{An evening with Chef Eric Ripert}

Happy Thursday everyone! Here is a recap of Tuesday night’s happenings…

Me and the boy headed over to the Jack Singer Concert Hall at about 6:40pm. We started our night by sampling various wines from around the world (sponsored by Willow Park Wines and Spirits). My favourites included a Pierre Sparr Pinot Gris Reserve (Alsace Region) – full-bodied white wine with fruit notes and the Maison Champy Chardonnay (Loire Valley Region) – a dry and aromatic wine which was lovely with a wedge of creamy camembert.

Springbank Cheese Co. had set up a station where they were serving up tastings of various types of cheeses for us to nibble on whilst we enjoyed our vino. I loved the Blackburn and the 8 yr old white chedder the best (both firm and stronger flavoured aged cheeses).

At 7:30pm, we all took our seats. We sat right in the front row to the right of the stage in the mezzanine (the perfect view!).

John Gilchrist, a local restaurant reviewer introduced the famed chef with a brief story about how he had met Eric in the Cayman islands 2 weeks ago. He also mentioned how he took Ripert to two of the top rated restaurants in Calgary to give him a taste of what our city has to offer. They went to Rouge for dinner the night before and Charcut for lunch the next day, both of which Ripert enjoyed (he even tweeted about it!)

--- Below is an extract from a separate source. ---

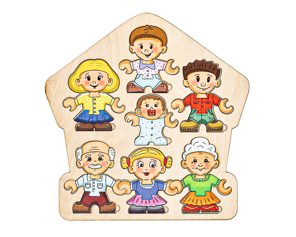 3. Игра «Семейный фотоальбом». Опишите словами внешность одного из членов семьи (цвет волос, настроение, элементы одежды). Попросите ребенка из элементов пазла собрать фотографию по вашему словесному описанию.

When Chef Ripert took the stage, he gave an hour-long lecture about how he started his career in the culinary arts at the young age of 15 to his future plans for Le Bernardin and everything in between.

He discussed his “terror” years working under the infamous Joel Robuchon where he learned his military-like discipline to the opposite side of the spectrum where he worked as sous chef under Jean Louis Palladin, where he was encouraged express creativity in his dishes.

By the time he was 29, he was awarded a four-star rating from the New York Times, then in 2006, he received the coveted 3 Michelin star rating for his culinary excellence at Le Bernardin.

Ripert also explained the lengthy process that goes into creating his menu (one item took 20 years for him to perfect!), and the importance of keeping his employees happy as a key to the success of his restaurant.

The part that really interested me was his future plans on making Le Bernardin completely sustainable within the next couple years. He is a firm believer in using the highest quality organic produce whenever possible in his dishes while making sure we do not deplete our natural resources.

He is also chair of City Harvest’s Food Council, which organizes trucks to collect any leftover unused ingredients from restaurants around NYC to help feed the homeless.

Overall, this was an AMAZING evening. After the Q&A session, we made our way upstairs to a private area for the book signing while enjoying more vino and tasty apps provided by the Cookbook Cooks Co.

I was so nervous when I finally met Chef Ripert, but I managed to utter how impressed we were with our dining experience at Le Bernardin on our NYC trip a couple of years ago. Can you tell how happy I am in the picture? I don’t think I could smile any bigger! haha

This will go next to my Michael Smith signed cookbook on the ol’ shelf 🙂 If you haven’t got this one in your collection, I encourage you to check it out. Avec Eric is beautifully laid out and filled with recipes inspired by his travels around the world.

*Fun fact: One audience member asked Chef Ripert “What would your last meal be?” Answer: Shaved black truffles on toast with a drizzle of good olive oil and a nice bottle of Bordeaux.

Comments
4 Responses to “{An evening with Chef Eric Ripert}”
  1. Tatiana says:

    Lucky duck… sigh. I’ve never been to NY, nor one of his restaurants, so of course I’m dying to go.